Disable NTP service:
# service ntpd stop
# chkconfig ntpd off
# mv /etc/ntp.conf /etc/ntp.conf.original
# rm /var/run/ntpd.pid

Disable SELINUX:
--------------
Note: Starting with 11gR2 SELinux is supported. but I'll continue disabling it. Disabling SELINUX is easier than configuring it :-) it's a nightmare :-)

vi /etc/selinux/config

SELINUX=disabled
SELINUXTYPE=targeted

#################
Extra Configurations:
#################

Configure HugePages: [361468.1]
================
What is HugePages:
--------------------
HugePages is a feature allows larger pages to manage memory as the alternative to the small 4KB pagesize.
HugePages is crucial for faster Oracle database performance on Linux if you have a large RAM and SGA > 8G.
HugePages are not only for 32X system but for improving the memory performance on 64x kernel.

HugePages Pros:
------------------
-Doesn't allow memory to be swaped.
-Less Overhead for Memory Operations.
-Less Memory Usage.

Huge Pages Cons:
--------------------
-You must set  MEMORY_TARGET and MEMORY_MAX_TARGET = 0 as Automatic Memory Management (AMM) feature is incompatible with HugePages:
ORA-00845: MEMORY_TARGET not supported on this system

Implementation:

1-Make sure that MEMORY_TARGET and MEMORY_MAX_TARGET = 0 on All instances.
2-Make sure that all instances on the server are up.
3- Set these parameters equal or greater than SGA size: (values are in KB)

# vi /etc/security/limits.conf 
oracle   soft   memlock    20971520
oracle   hard   memlock    20971520

Here I'll set SGA to 18G so I'll set it to 20G in limits.conf file.

Re-login to oracle user and check the value:
# ulimit -l

4- Create this script:

# vi /root/hugepages_settings.sh

#!/bin/bash
#
# hugepages_settings.sh
#
# Linux bash script to compute values for the
# recommended HugePages/HugeTLB configuration
#
# Note: This script does calculation for all shared memory
# segments available when the script is run, no matter it
# is an Oracle RDBMS shared memory segment or not.
#
# This script is provided by Doc ID 401749.1 from My Oracle Support 
# http://support.oracle.com
# Welcome text
echo "
This script is provided by Doc ID 401749.1 from My Oracle Support 
(http://support.oracle.com) where it is intended to compute values for 
the recommended HugePages/HugeTLB configuration for the current shared 
memory segments.
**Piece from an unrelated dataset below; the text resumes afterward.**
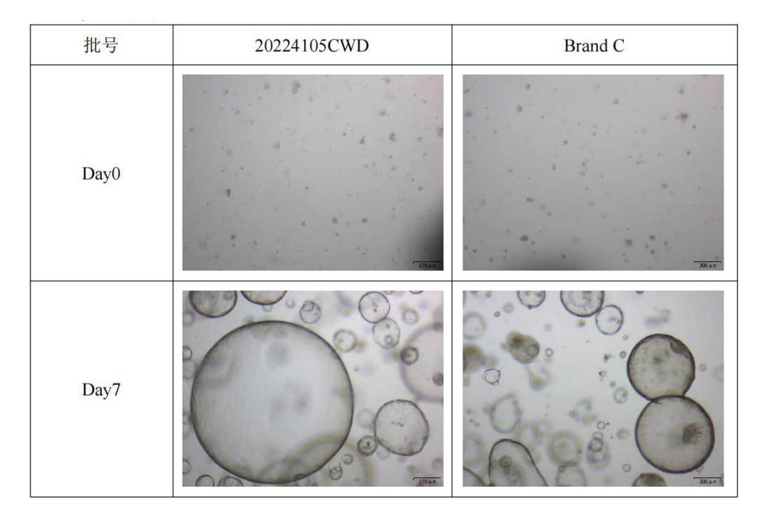 模基基質(zhì)膠與Brand C基質(zhì)膠均有良好的培養(yǎng)效果,兩組實驗膽管類器官均無明顯貼壁現(xiàn)象。其中20224105CWD的培養(yǎng)效果略勝一籌。

Before proceeding with the execution please note following:
 * For ASM instance, it needs to configure ASMM instead of AMM.
 * The 'pga_aggregate_target' is outside the SGA and 
   you should accommodate this while calculating SGA size.
 * In case you changes the DB SGA size, 
   as the new SGA will not fit in the previous HugePages configuration, 
   it had better disable the whole HugePages, 
   start the DB with new SGA size and run the script again.
And make sure that:
 * Oracle Database instance(s) are up and running
 * Oracle Database 11g Automatic Memory Management (AMM) is not setup 
   (See Doc ID 749851.1)
 * The shared memory segments can be listed by command:
     # ipcs -m
Press Enter to proceed..."
read
# Check for the kernel version
KERN=`uname -r | awk -F. '{ printf("%d.%d\n",$1,$2); }'`
# Find out the HugePage size
HPG_SZ=`grep Hugepagesize /proc/meminfo | awk '{print $2}'`
if [ -z "$HPG_SZ" ];then
    echo "The hugepages may not be supported in the system where the script is being executed."
    exit 1
fi
# Initialize the counter
NUM_PG=0
# Cumulative number of pages required to handle the running shared memory segments
for SEG_BYTES in `ipcs -m | cut -c44-300 | awk '{print $1}' | grep "[0-9][0-9]*"`
do
    MIN_PG=`echo "$SEG_BYTES/($HPG_SZ*1024)" | bc -q`
    if [ $MIN_PG -gt 0 ]; then
        NUM_PG=`echo "$NUM_PG+$MIN_PG+1" | bc -q`
    fi
done
RES_BYTES=`echo "$NUM_PG * $HPG_SZ * 1024" | bc -q`
# An SGA less than 100MB does not make sense
# Bail out if that is the case
if [ $RES_BYTES -lt 100000000 ]; then
    echo "***********"
    echo "** ERROR **"
    echo "***********"
    echo "Sorry! There are not enough total of shared memory segments allocated for 
HugePages configuration. HugePages can only be used for shared memory segments 
that you can list by command:
    # ipcs -m
of a size that can match an Oracle Database SGA. Please make sure that:
 * Oracle Database instance is up and running 
 * Oracle Database 11g Automatic Memory Management (AMM) is not configured"
    exit 1
fi
# Finish with results
case $KERN in
    '2.4') HUGETLB_POOL=`echo "$NUM_PG*$HPG_SZ/1024" | bc -q`;
           echo "Recommended setting: vm.hugetlb_pool = $HUGETLB_POOL" ;;
    '2.6') echo "Recommended setting: vm.nr_hugepages = $NUM_PG" ;;
     *) echo "Unrecognized kernel version $KERN. Exiting." ;;
esac

5-Run script hugepages_settings.sh to help you get the right value for vm.nr_hugepages parameter:
# chmod 700 /root/hugepages_settings.sh
# sh /root/hugepages_settings.sh


6-Edit the file /etc/sysctl.conf and set the vm.nr_hugepages parameter as per the script output value:
# cat /etc/sysctl.conf|grep vm.nr_hugepages
# vi /etc/sysctl.conf
vm.nr_hugepages = 9220

7-Reboot the server.

8-Check and Validate the Configuration:
# grep HugePages /proc/meminfo

Note: Any further modification to the following should be followed by re-run hugepages_settings.sh script and put the new value of vm.nr_hugepages parameter:
      -Amount of RAM installed for the Linux OS changed.
      -New database instance(s) introduced.
      -SGA size / configuration changed for one or more database instances.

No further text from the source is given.